I want to optimize the for loop with SSE/SSE2 instructions for a better time in image compression.
size_t height = get_height();
size_t width = get_width();
size_t total_size = height * width * 3;
uint8_t *src = get_pixels();
uint8_t *dst = new uint8_t[total_size / 6];
uint8_t *tmp = dst;
rgb_t block[16];
if (height % 4 != 0 || width % 4 != 0) {
cerr << "Texture compression only supported for images if width and height are multiples of 4" << endl;
return;
}
// Split image in 4x4 pixels zones
for (unsigned y = 0; y < height; y += 4, src += width * 3 * 4) {
for (unsigned x = 0; x < width; x += 4, dst += 8) {
const rgb_t *row0 = reinterpret_cast<const rgb_t*>(src + x * 3);
const rgb_t *row1 = row0 + width;
const rgb_t *row2 = row1 + width;
const rgb_t *row3 = row2 + width;
// Extract 4x4 matrix of pixels from a linearized matrix(linear memory).
memcpy(block, row0, 12);
memcpy(block + 4, row1, 12);
memcpy(block + 8, row2, 12);
memcpy(block + 12, row3, 12);
// Compress block and write result in dst.
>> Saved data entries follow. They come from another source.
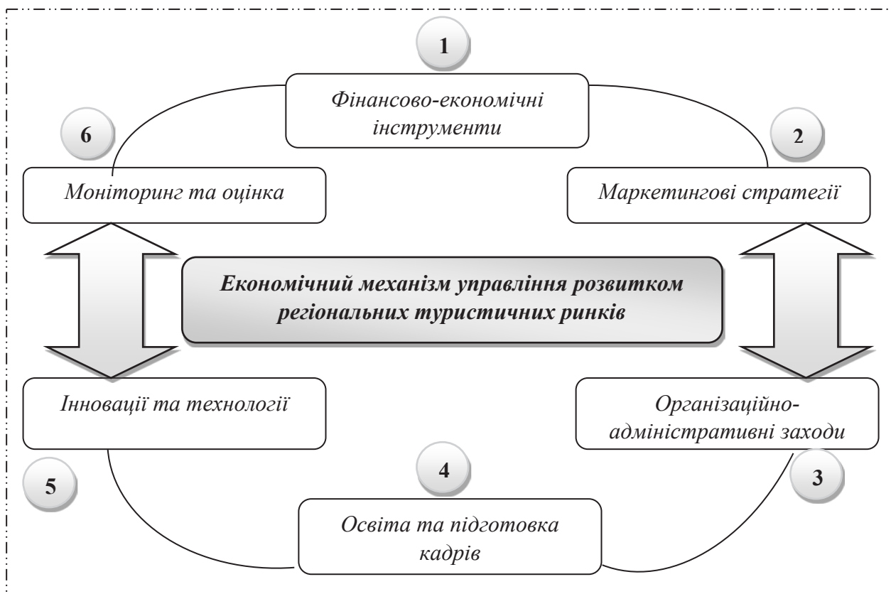
Рис. 2. Економічний механізм управління розвитком регіональних туристичних ринків

Маркетингові стратегії включають в себе: брендування регіону, як творення та просування унікального бренду регіону, який би відображав його культурні, природні та історичні особливості, рекламні кампанії, як проведення національних та міжнародних рекламних кампаній для привернення уваги
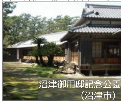
沼津御用邸記念公園 (沼津市)
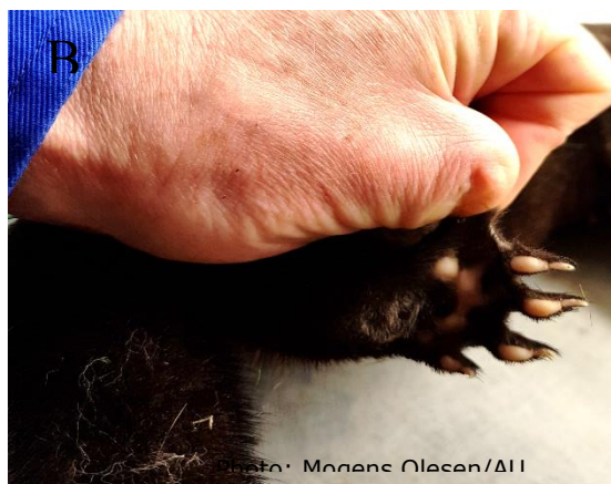
Figur 1. Exempel på baktassar från A. Flodutter och B. Farmad mink.

Minkar lever också på annat sätt än floduttern. Minkar jagar främst på/från marken, och kan också utföra korta dykningar, mestadels kortare än 10 s (Dunstone, 1993), för att jaga föda i vatten. Deras sinnen under vatten, pälskydd och simförmåga, är dåliga jämfört med en undervattensjägare som uttern (Wise et al. , 1981).

compress_block(block, dst);
}
}
How can I read from memory an entire line from matrix with sse/sse2 registers when a line is supposed to have 4 elements of 3 bytes? The rgb_t structure has 3 uint_t variables.
Why do you think the compiler doesn't already make good code for those 12-byte copies?
But if it doesn't, probably copying 16 bytes for the first three copies (with overlap) will let it use SSE vectors. And padding your array would let you do the last copy with a 16-byte memcpy which should compile to a 16-byte vector load/store, too:
Aligning probably doesn't matter much, since only the first store will be aligned anyway. But it might help the function you're passing the buffer to as well.